Drop Back Ten

Drop Back Ten had a very peculiar feel to me. When it started, I felt like I was watching some kind of student film, perhaps a short film. I’m not even sure I can put my finger on what felt so cheap or amateurish about it. Maybe the dreary, generic soundtrack contributed to the oddity of the film, but I never did shake the feeling that I wasn’t watching a “real” movie.

I did a little investigating afterward, and I couldn’t find the title at all at the Rotten Tomatoes site. IMDB had it listed, with only one review. The review stated it had not gone over well at the festival where it was screened. It also listed the movie as unrated, so I’m wondering if maybe it never even had a normal release to theaters.

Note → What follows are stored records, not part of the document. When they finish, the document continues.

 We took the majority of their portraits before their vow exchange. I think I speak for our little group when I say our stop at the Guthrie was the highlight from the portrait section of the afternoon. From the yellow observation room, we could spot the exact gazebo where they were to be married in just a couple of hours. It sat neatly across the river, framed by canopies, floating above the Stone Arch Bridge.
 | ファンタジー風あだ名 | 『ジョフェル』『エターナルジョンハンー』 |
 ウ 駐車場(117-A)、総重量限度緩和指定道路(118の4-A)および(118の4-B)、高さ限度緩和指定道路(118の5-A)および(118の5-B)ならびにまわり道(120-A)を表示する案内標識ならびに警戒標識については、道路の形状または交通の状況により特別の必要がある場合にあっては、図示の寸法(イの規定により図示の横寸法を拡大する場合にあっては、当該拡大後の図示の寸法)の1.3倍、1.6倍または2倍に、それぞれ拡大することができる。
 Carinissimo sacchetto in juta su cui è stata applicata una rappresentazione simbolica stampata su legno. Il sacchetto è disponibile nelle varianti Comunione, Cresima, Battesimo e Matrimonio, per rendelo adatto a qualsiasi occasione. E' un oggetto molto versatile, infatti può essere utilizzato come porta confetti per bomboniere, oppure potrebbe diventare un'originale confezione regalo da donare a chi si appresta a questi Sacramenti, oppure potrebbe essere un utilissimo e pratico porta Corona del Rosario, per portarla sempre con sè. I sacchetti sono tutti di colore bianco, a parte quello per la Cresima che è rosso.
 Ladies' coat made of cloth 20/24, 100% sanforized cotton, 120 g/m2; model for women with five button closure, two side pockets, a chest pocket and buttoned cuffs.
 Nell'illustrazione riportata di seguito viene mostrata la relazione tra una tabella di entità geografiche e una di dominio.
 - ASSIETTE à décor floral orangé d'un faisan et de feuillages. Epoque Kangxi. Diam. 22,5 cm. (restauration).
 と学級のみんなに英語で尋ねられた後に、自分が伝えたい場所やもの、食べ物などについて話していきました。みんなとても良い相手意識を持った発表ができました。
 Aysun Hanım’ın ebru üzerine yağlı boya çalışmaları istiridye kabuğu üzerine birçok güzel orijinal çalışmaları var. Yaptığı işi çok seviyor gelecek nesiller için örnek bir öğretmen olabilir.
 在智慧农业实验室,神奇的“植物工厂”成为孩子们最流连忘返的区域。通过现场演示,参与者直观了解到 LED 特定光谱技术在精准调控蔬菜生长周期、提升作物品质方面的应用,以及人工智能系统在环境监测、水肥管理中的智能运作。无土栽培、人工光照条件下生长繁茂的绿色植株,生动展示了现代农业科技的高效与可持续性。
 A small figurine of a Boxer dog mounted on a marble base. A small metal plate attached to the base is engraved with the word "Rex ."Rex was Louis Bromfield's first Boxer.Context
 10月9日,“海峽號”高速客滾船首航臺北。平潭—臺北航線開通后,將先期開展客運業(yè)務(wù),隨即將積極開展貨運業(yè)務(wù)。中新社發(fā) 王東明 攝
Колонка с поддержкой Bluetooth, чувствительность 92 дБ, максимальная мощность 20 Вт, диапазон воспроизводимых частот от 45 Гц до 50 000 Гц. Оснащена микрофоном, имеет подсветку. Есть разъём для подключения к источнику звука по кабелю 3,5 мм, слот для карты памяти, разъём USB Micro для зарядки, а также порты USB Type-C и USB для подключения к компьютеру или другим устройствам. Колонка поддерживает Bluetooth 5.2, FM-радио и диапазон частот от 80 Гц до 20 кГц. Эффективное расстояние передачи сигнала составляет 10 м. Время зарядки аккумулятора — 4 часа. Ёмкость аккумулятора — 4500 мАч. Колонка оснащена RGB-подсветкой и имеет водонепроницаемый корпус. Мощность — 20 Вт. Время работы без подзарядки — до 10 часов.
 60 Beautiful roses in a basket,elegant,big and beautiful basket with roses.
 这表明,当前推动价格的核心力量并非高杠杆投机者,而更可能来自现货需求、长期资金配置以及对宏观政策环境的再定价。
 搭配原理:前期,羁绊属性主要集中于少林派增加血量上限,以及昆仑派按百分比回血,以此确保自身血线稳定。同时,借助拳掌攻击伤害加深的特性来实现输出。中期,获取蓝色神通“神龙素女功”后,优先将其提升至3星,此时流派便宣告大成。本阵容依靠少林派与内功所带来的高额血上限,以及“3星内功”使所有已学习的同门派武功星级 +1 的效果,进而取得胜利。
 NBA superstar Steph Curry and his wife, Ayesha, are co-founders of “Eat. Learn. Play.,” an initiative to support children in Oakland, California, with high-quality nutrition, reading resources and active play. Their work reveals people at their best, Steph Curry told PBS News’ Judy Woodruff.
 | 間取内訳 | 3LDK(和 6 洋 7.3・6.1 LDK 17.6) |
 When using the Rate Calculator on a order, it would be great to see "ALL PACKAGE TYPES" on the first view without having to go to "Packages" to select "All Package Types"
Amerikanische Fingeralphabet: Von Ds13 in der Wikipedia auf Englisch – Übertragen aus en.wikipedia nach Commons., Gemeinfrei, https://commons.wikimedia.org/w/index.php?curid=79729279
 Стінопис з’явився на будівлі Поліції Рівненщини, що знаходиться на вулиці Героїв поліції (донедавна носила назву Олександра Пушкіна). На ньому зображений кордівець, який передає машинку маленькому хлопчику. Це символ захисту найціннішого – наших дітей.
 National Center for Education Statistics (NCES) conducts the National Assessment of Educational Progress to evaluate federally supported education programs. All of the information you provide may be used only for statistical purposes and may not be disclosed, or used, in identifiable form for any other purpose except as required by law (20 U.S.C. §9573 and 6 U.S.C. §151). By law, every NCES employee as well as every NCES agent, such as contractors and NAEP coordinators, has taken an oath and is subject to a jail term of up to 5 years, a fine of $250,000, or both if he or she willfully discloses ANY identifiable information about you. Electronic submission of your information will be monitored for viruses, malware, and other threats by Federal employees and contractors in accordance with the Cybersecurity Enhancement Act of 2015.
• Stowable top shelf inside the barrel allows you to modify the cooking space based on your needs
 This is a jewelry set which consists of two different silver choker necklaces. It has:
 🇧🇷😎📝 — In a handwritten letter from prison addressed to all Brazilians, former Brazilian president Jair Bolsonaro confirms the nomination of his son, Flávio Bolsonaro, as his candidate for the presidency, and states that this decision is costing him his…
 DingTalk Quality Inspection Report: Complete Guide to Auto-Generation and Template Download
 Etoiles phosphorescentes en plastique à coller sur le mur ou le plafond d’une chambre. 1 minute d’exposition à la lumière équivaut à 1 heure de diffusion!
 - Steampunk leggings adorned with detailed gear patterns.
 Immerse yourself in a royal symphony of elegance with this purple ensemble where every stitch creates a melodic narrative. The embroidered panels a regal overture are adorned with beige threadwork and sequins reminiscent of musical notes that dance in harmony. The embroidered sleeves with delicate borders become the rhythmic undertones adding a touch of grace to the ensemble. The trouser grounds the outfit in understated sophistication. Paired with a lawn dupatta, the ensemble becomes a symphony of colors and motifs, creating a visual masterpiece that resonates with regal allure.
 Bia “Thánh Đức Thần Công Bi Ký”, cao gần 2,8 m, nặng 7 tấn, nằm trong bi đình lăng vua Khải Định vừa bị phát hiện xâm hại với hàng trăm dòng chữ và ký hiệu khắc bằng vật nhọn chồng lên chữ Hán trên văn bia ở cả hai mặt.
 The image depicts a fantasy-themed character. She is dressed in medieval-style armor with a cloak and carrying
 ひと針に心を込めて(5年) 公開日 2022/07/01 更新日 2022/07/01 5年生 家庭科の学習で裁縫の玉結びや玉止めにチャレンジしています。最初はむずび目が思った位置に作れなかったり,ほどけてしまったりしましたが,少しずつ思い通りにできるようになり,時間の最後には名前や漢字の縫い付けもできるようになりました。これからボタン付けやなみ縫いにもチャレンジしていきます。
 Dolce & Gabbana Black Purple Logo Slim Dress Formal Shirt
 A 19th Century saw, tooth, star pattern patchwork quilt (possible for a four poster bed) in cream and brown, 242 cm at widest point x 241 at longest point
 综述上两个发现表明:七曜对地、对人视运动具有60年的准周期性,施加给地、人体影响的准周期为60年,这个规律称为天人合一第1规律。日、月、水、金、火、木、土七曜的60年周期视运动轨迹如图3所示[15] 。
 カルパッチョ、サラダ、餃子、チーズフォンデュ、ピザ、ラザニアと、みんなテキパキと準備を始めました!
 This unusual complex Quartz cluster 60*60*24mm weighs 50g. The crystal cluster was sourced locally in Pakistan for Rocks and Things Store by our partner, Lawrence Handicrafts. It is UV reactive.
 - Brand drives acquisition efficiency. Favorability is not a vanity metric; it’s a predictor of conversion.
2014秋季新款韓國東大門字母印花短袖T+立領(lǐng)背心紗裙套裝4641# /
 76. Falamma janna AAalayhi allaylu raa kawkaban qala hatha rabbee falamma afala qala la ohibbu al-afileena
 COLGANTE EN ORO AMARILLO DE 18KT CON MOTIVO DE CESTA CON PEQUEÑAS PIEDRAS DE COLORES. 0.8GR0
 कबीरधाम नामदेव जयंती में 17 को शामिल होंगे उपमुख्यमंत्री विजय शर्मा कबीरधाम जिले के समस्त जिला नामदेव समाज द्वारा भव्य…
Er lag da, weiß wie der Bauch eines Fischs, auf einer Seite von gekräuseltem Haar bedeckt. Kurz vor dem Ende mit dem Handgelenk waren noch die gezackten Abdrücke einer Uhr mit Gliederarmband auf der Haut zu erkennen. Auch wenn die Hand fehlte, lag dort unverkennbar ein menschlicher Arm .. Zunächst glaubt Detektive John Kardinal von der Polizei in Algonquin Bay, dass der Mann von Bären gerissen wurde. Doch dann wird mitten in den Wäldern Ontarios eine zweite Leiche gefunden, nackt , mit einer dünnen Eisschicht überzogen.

On the other hand, it was the filmmaker Stacy Cochran’s third film, and apparently one or both of the other two had been “big” enough to include some name actors and actresses, so it’s not like this was the work of a total beginner.

Beyond this sort of student film feel of it, I guess it was OK. Maybe below average, but not terrible.

The story had potential, once I figured out what the story is. But the execution of it is rather dull, there are tangential scenes included that only contribute minimally to the main storyline and probably should have been edited out, and the ending confused me.

A magazine writer trying to re-establish his career is sent to do a puff piece on a young actor playing a quarterback in a movie, or at least the people from the studio do everything they can to ensure it is a puff piece that serves as little more than free publicity for the movie.

The actor himself seems open to letting the story get a little deeper, but then he has second thoughts when the writer gets too close to his family and discovers an alarming history of abuse. The writer then kind of plays the actor and his wife off against each other, letting each know that he wants to be fair to both and not have only the other party’s side of things covered in his article. They go back and forth trying at times to control the story so it puts them in the better light, while at other times entreating him not to do the story at all.

Anyway, Drop Back Ten raises some interesting issues of journalistic ethics and domestic abuse and such, but I just didn’t feel that the way these issues were handled was particularly compelling.